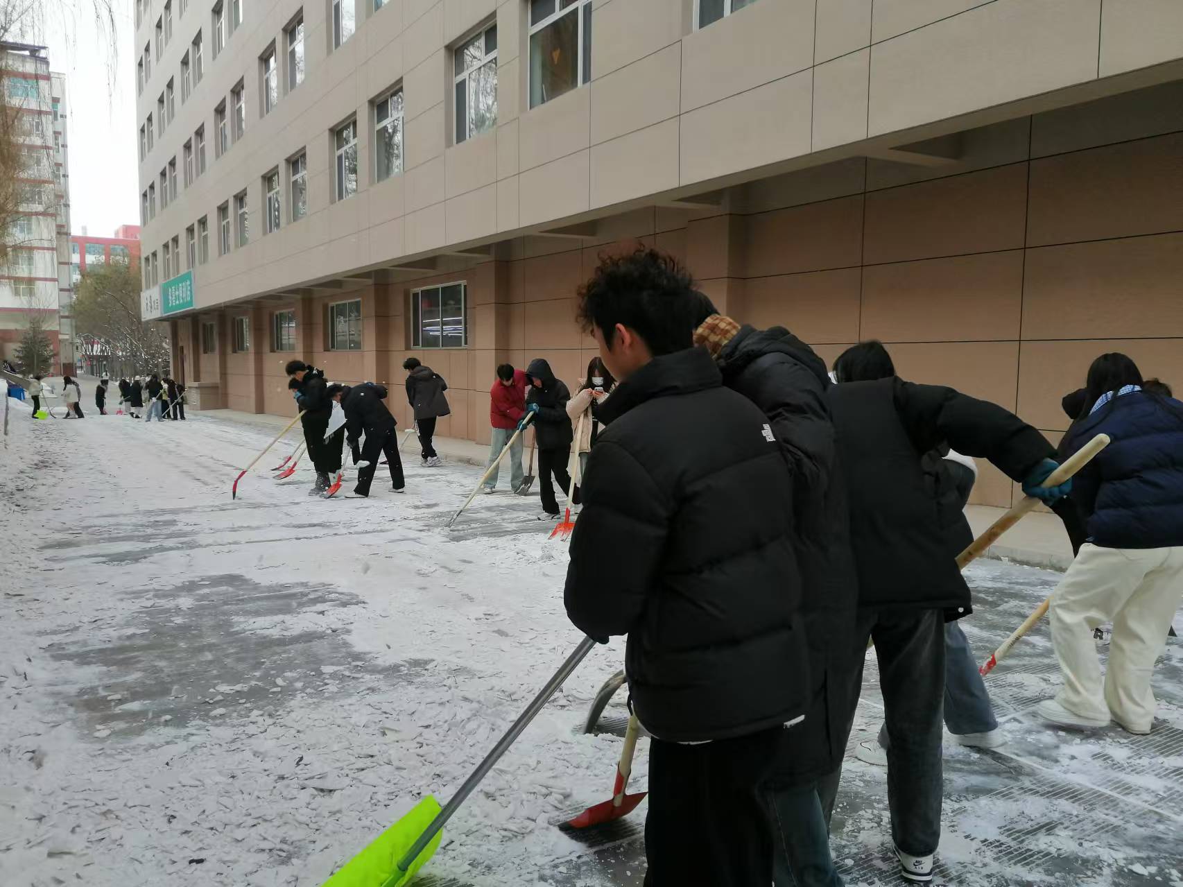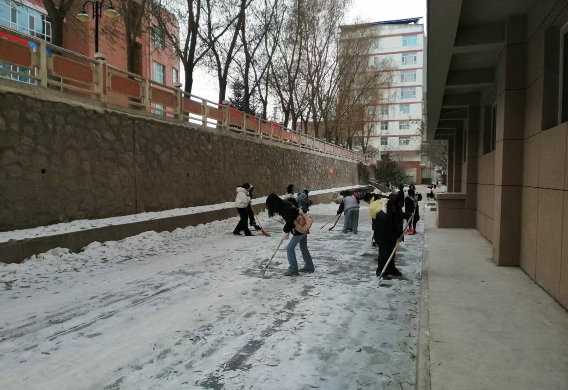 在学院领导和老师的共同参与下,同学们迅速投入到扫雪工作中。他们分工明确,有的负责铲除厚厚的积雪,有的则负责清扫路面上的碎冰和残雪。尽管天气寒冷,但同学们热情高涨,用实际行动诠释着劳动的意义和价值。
::::::::
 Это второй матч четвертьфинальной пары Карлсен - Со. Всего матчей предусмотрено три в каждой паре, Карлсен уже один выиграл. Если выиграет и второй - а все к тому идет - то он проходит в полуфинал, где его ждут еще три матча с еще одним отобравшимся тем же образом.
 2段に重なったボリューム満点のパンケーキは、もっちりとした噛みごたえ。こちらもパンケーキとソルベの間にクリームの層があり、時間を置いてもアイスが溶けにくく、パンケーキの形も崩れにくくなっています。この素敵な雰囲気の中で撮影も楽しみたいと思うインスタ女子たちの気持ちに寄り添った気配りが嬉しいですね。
::::::::
ABOUT THIS EXERCISE
When you reach the line in the material above that holds "Это второй матч", begin reproducing lines exactly, and stop after the line that holds "2段に重なったボリューム満点".

TASK SOLUTION
 Это второй матч четвертьфинальной пары Карлсен - Со. Всего матчей предусмотрено три в каждой паре, Карлсен уже один выиграл. Если выиграет и второй - а все к тому идет - то он проходит в полуфинал, где его ждут еще три матча с еще одним отобравшимся тем же образом.
 2段に重なったボリューム満点のパンケーキは、もっちりとした噛みごたえ。こちらもパンケーキとソルベの間にクリームの層があり、時間を置いてもアイスが溶けにくく、パンケーキの形も崩れにくくなっています。この素敵な雰囲気の中で撮影も楽しみたいと思うインスタ女子たちの気持ちに寄り添った気配りが嬉しいですね。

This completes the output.